In line with this sentiment almost three-quarters of managers were planning to increase their resources devoted to handling corporate governance issues.
Managers also said they planned to be louder in voicing their concerns at annual general meetings this year compared with previous years. About half said they would be a little more vocal while 9% said a lot more.
Most survey participants said fund groups should, to some extent, play an active role in the management of the companie
s in which they invest. However, a significant number - some 39% - said they should not.

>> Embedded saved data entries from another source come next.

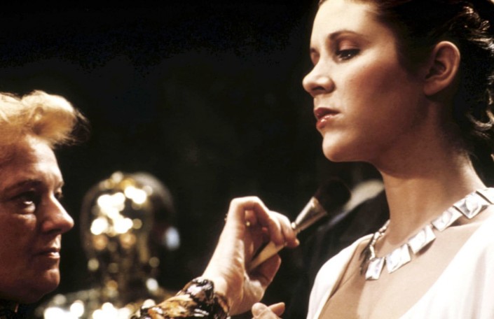 Художник по гриму готовит Кэрри Фишер к финальной сцене.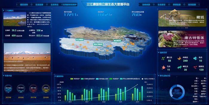 2017年至今,三江源国家公园生态大数据中心(一、二期)初步建立了国家公园云管理系统和具备云计算能力的大数据平台,完成了数据管理、传输管理和信息安全的基本软硬件建设。在平台建设的基础上,还形成了统一、规范、标准的三江源国家公园人类多动与生态系统基准数据,基本完成了15米分辨率和亚米级分辨率的基础地理信息基准建设及重点区域三维展示模块的建设;初步实现了园区各类数据的标准处理、整合统筹、动态接入、直观展示与可信决策,为园区生态保护、环境监测、监察执法、高效管理、科研宣教、社区发展等提供空间信息基准支撑。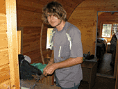 На следующий день правый трекинговый ботинок Adidas-Salomon начал просить каши с левого борта. Пошёл к Андрюхе клянчить нитку с иголкой. Нитка хорошая зелёная, очень толстая, иголка тоже хорошая, но с ниткой абсолютно несовместимая – ушко меньше толщины нитки. Бегал как ужаленный по корпусу искал «самий балшой иголка в Джантуган» – нашёл, начал шить. Никогда до этого не думал, что у меня вдруг обнаружится талант обувщика, но на безрыбье и жопа соловей. Беда подкралась как всегда не с той стороны и в самый неподходящий момент - когда до завершения ремонта оставалось 1-2 стежка иголка, при её пропихивании сквозь толщу ботинка, сломалась напополам, и тот конец, что остался в ботинке, миллиметров на 5 вошёл в палец, тот же конец, где осталась нитка, был настолько мал, что идея заточить его и использовать как укороченную версию иголки была отметена со всей пролетарской решительностью. Оставалась Андрюхина «несовместимая» иголка и полчаса времени. С помощью зажигалки и пассатижей удалось придать нитке плоскую форму, пригодную для просовывания в узкое ушко иголки. На этот раз процедура завершилась успешно.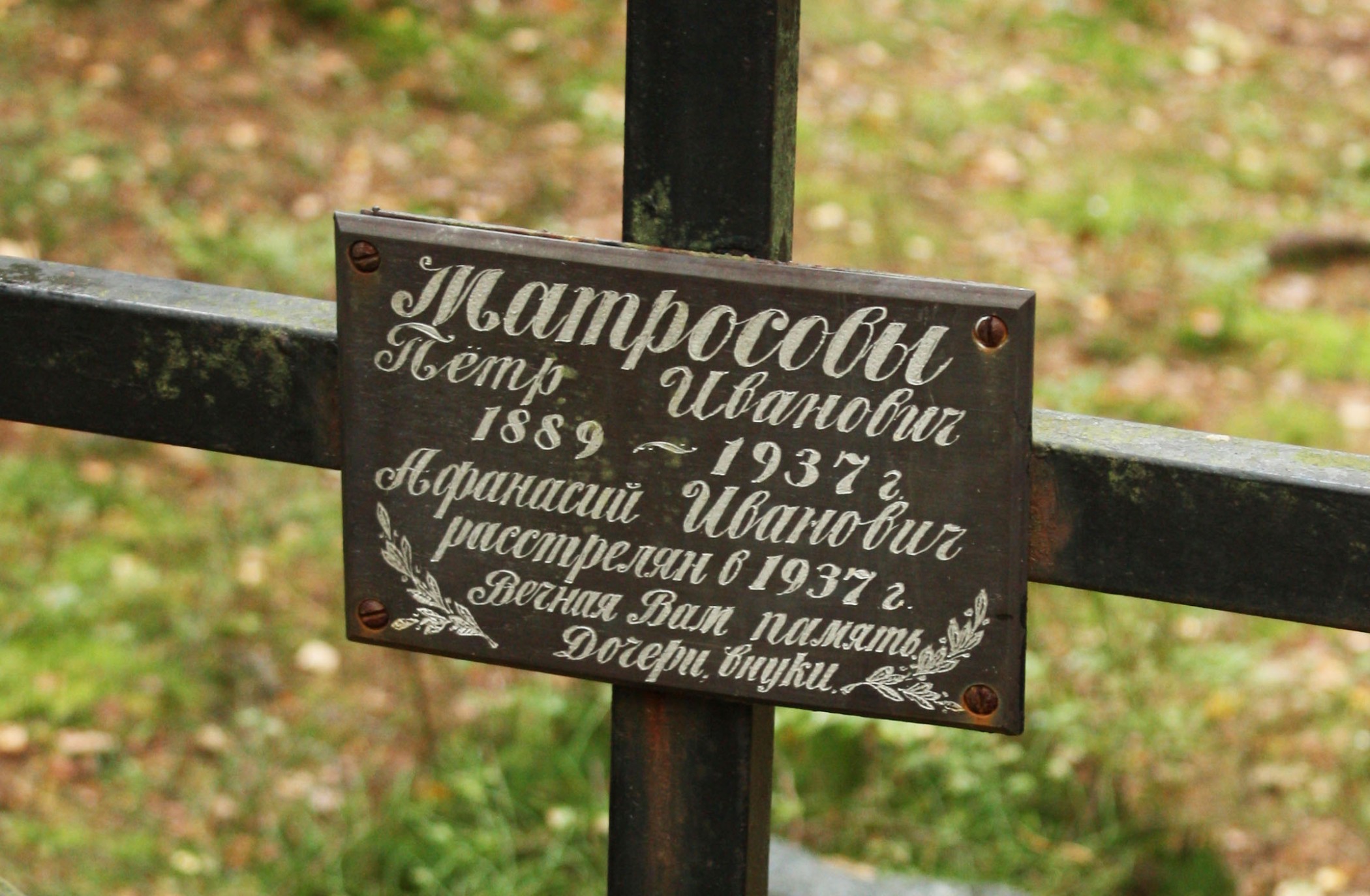 Матросов Афанасий Иванович, 1883 г. р., уроженец д. Новоселок Оятского р-на Лен. обл., русский, беспартийный, директор универмага, проживал: г. Лодейное Поле, ул. Коммунаров, д. 14. Арестован 23 сентября 1937 г. Особой тройкой УНКВД ЛО 9 октября 1937 г. приговорен по ст. 58-10 УК РСФСР к высшей мере наказания. Расстрелян в г. Ленинград 11 октября 1937 г.

Some groups argued that they can simply refuse to invest in firms with policies they dislike. Others said they prefer to press the companies to make changes. Yet not all activity is played out in the media or at public meetings. Some of the fund groups surveyed mentioned they choose to address problems in one-on-one meetings.
Across Europe fund managers in Britain were seen by most to be the most active in corporate governance. Some 31 fund groups chose the UK while Germany and Sweden followed with three votes each. Italian fund groups were said to be the least active.
Stockmarket predictions
Fund managers were generally more cautious about the performance of global stockmarkets over the coming year. Expectations fell significantly with only 16% predicting gains of more than 10% over the next 12 months.
The rise of Japan also stood out in this survey. Sentiment towards the country improved steadily in March in terms of both its currency and its stockmarket. Some 37% said the yen would be the best performing currency over the next year, a close second to the euro which garnered 41%. Japan was also expected to be the second best performing region over the coming 12 months, just below the rest of Asia.
Some 42% said the UK would be the worst performing region over the next year. America followed with 20% but this was an improvement on the 32% in the last survey.
Overall managers said growth shares would outperform value ones but the gap between the two shrank. Only 30% favoured growth, down from 45% in February, while 22% preferred value shares. Large firms were expected to outperform smaller companies.
Managers said the energy, financial services and telecommunications sectors would be the top performers. Utilities and hardware were expected to perform the worst.
Morningstar’s European offices conducted the survey from March 15th-22nd. Some 63 fund groups from 12 countries participated. On average they each managed €54 billion (£36 billion) and offered 88 retail funds.